Save this to a file called ispc_sqrt.ispc and compile it at the Bash prompt using

ispc -O2 ispc_sqrt.ispc -o ispc_sqrt.o -h ispc_sqrt.h --pic

This creates an object file, ispc_sqrt.o, and a header file, ispc_sqrt.h. Now create the mex file in MATLAB

#include <math.h>
#include "mex.h"
#include "ispc_sqrt.h"

void mexFunction( int nlhs, mxArray *plhs[], int nrhs, const mxArray *prhs[] )
{
    double *in,*out;
    int rows,cols,num_elements,i; 

    /*Get pointers to input matrix*/
    in = mxGetPr(prhs[0]);
    /*Get rows and columns of input matrix*/
    rows = mxGetM(prhs[0]);
    cols = mxGetN(prhs[0]);
    num_elements = rows*cols;

    /* Create output matrix */
    plhs[0] = mxCreateDoubleMatrix(rows, cols, mxREAL);
    /* Assign pointer to the output */
    out = mxGetPr(plhs[0]);

    ispc::ispc_sqrt(in,out,num_elements);
}

Call this ispc_sqrt_mex.cpp and compile in MATLAB with the command

 mex ispc_sqrt_mex.cpp ispc_sqrt.o

Let’s see how that does for speed:

>> tic;y=ispc_sqrt_mex(x);toc
Elapsed time is 1.379214 seconds.

So, we’ve improved on the single-threaded mex file a bit (1.37 instead of 2 seconds) but it’s still not enough to beat the MATLAB built-in.  To do that, we are going to have to use the SIMD lanes on all 4 cores simultaneously.

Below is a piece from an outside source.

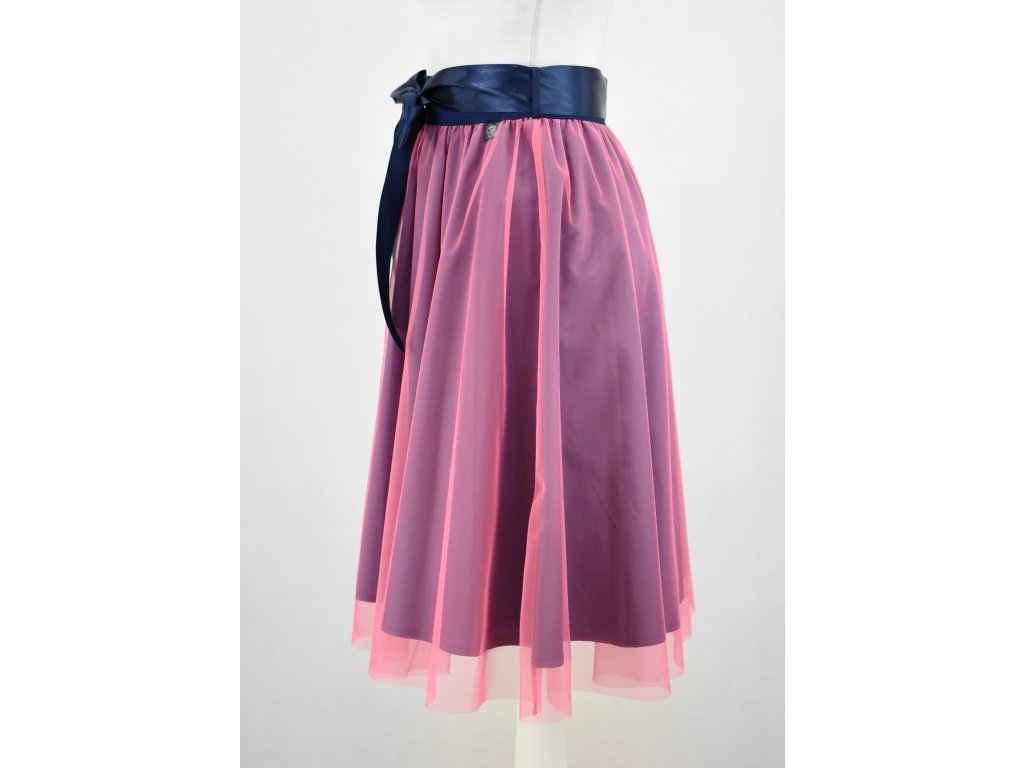 Dámská sukně s elastickou gumou do pasu, půlkolového střihu, s tylem. Sukně nemá podšívku. Délka je měřena bez tylu - tyl přesahuje cca o 5 cm přes sukni. Barva tylu je růžová, látka sukně modrá.

Step 3 – A reference multi-threaded mex file using OpenMP

Let’s step away from ispc for a while and see how we do with something we’ve seen before– a mex file using OpenMP (see here and here for previous articles on this topic).

#include <math.h>
#include "mex.h"
#include <omp.h>

void do_calculation(double in[],double out[],int num_elements)
{
    int i;

#pragma omp parallel for shared(in,out,num_elements)
    for(i=0; i<num_elements; i++){
          out[i] = sqrt(in[i]);
         }
}

void mexFunction( int nlhs, mxArray *plhs[], int nrhs, const mxArray *prhs[] )
{
    double *in,*out;
    int rows,cols,num_elements,i; 

    /*Get pointers to input matrix*/
    in = mxGetPr(prhs[0]);
    /*Get rows and columns of input matrix*/
    rows = mxGetM(prhs[0]);
    cols = mxGetN(prhs[0]);
    num_elements = rows*cols;

    /* Create output matrix */
    plhs[0] = mxCreateDoubleMatrix(rows, cols, mxREAL);
    /* Assign pointer to the output */
    out = mxGetPr(plhs[0]);

    do_calculation(in,out,num_elements);
}

Save this to a text file called openmp_sqrt_mex.c and compile in MATLAB by doing

 mex openmp_sqrt_mex.c CFLAGS="\$CFLAGS -fopenmp" LDFLAGS="\$LDFLAGS -fopenmp"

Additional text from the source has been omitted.